Is my CNN model still overfitting? If so, how can I combat it? Is there something wrong with my arch-CodePudding

My CNN model kept getting high accuracy/low loss during training and much lower accuracy/higher loss during validation, therefore I started suspecting that it's overfitting.

I have therefore introduced a few dropout layers as well as some image augmentiation. I've also tried monitoring val_loss after each epoch, using ReduceLROnPlateau and EarlyStopping.

Although those measures helped improve validation accuracy a bit, I'm still nowhere close to the desired result and I'm honestly running out of ideas.
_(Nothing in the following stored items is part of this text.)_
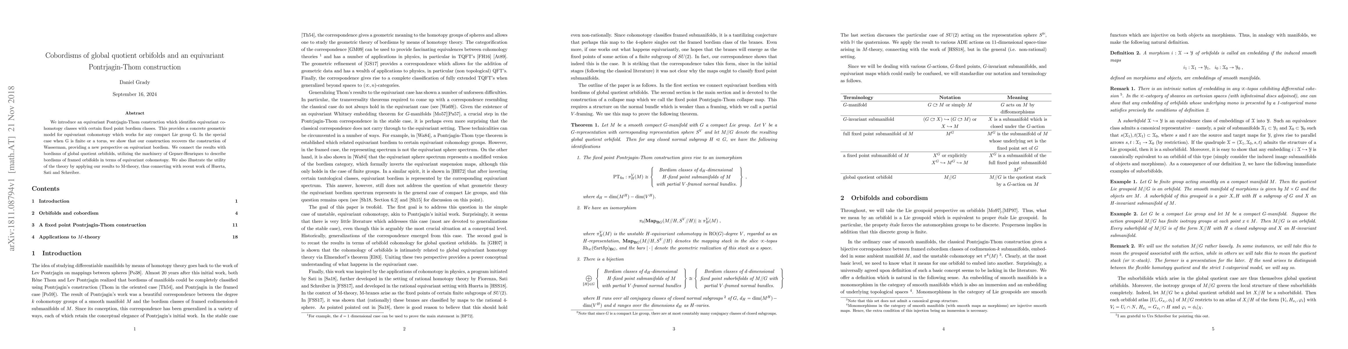 This paper introduces an equivariant Pontrjagin-Thom construction linking equivariant cohomotopy classes to fixed point bordism classes for any compact Lie group G, providing a new geometric model for equivariant cohomotopy. It connects these results with the bordisms of global quotient orbifolds and applies the theory to M-theory.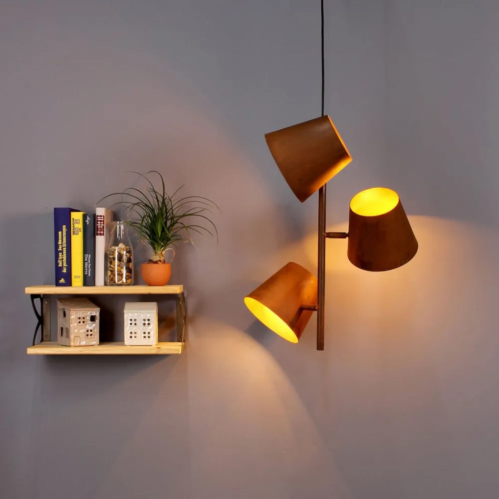 De tre pære Colt pendler giver både direkte, nedadgående og indirekte belysning via loftet. Skærmene, der er fastgjort til en central stang i forskellige højder og retninger, kan justeres individuelt efter ønske, for eksempel for at justere lyset til bordets størrelse. Med sin ældede finish kommer Colt til sin ret i både moderne og industrielle faciliteter.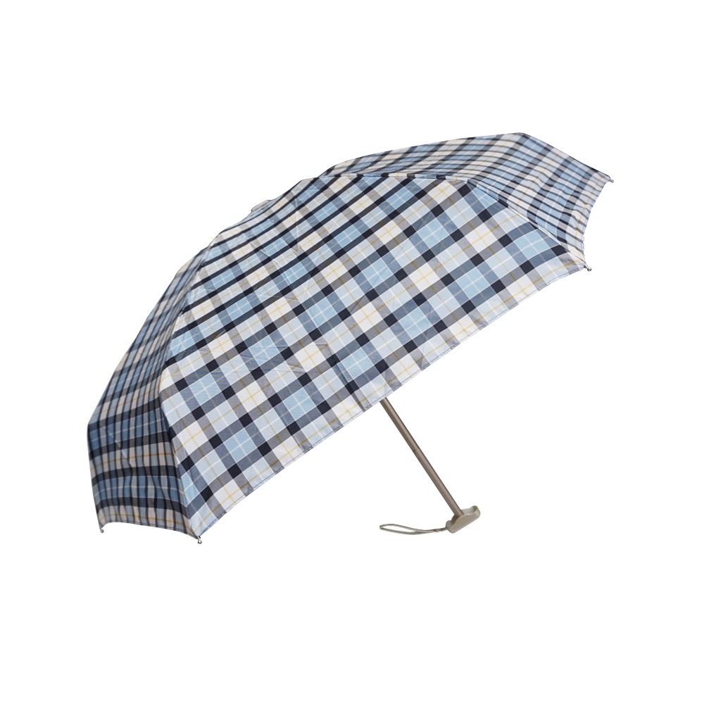 【萊登傘】雨傘 先染色紗格紋布 超短五折傘 陽傘 易甩乾 學院風 藍白格紋

This is the result I'm obtaining right now:

Epoch 9/30
999/1000 [============================>.] - ETA: 0s - loss: 0.0072 - accuracy: 0.9980
Epoch 9: ReduceLROnPlateau reducing learning rate to 1.500000071246177e-05.
1000/1000 [==============================] - 19s 19ms/step - loss: 0.0072 - accuracy: 0.9980 - val_loss: 2.2994 - val_accuracy: 0.6570 - lr: 1.5000e-04
Epoch 10/30
1000/1000 [==============================] - 19s 19ms/step - loss: 0.0045 - accuracy: 0.9985 - val_loss: 2.2451 - val_accuracy: 0.6560 - lr: 1.5000e-05
Epoch 11/30
1000/1000 [==============================] - 19s 19ms/step - loss: 0.0026 - accuracy: 0.9995 - val_loss: 2.6080 - val_accuracy: 0.6540 - lr: 1.5000e-05
Epoch 12/30
1000/1000 [==============================] - 19s 19ms/step - loss: 0.0018 - accuracy: 1.0000 - val_loss: 2.8192 - val_accuracy: 0.6560 - lr: 1.5000e-05
Epoch 13/30
1000/1000 [==============================] - 19s 19ms/step - loss: 0.0013 - accuracy: 1.0000 - val_loss: 2.8216 - val_accuracy: 0.6570 - lr: 1.5000e-05
32/32 [==============================] - 1s 23ms/step - loss: 2.8216 - accuracy: 0.6570

Am I wrong to assume that overfitting is still the problem that prevents my model from scoring high on validation and test data?

Or is there something fundamentally wrong with my architecture?

#prevent overfitting, generalize better
 data_augmentation = tf.keras.Sequential([
 layers.RandomFlip("horizontal_and_vertical"),
 layers.RandomRotation(0.2),
 layers.RandomZoom((0.2))
    ])

model = tf.keras.models.Sequential()
 model.add(data_augmentation)
 #same padding, since edges of the pictures often contain valuable information
 model.add(layers.Conv2D(64, (3,3), strides=(1,1), padding='same', activation = 'relu', input_shape=(64,64,3)))
 model.add(layers.MaxPooling2D((2,2)))
 model.add(layers.Dropout(0.25))
 model.add(layers.Conv2D(32, (3,3), strides=(1,1), padding='same', activation = 'relu'))
 model.add(layers.MaxPooling2D((2,2)))
 model.add(layers.Dropout(0.25))
 model.add(layers.Flatten())
 model.add(layers.Dense(128, activation='relu'))
 #prevent overfitting
 model.add(layers.Dropout(0.25))

 #4 output classes, softmax since we want to end up with probabilities for each class at the end (have to sum up to 1)
 model.add(layers.Dense((4), activation='softmax'))
 #not using one hot encoding, therefore sparse categorical entropy
 model.compile(loss='sparse_categorical_crossentropy', optimizer=keras.optimizers.Adam(learning_rate=0.00015), metrics='accuracy')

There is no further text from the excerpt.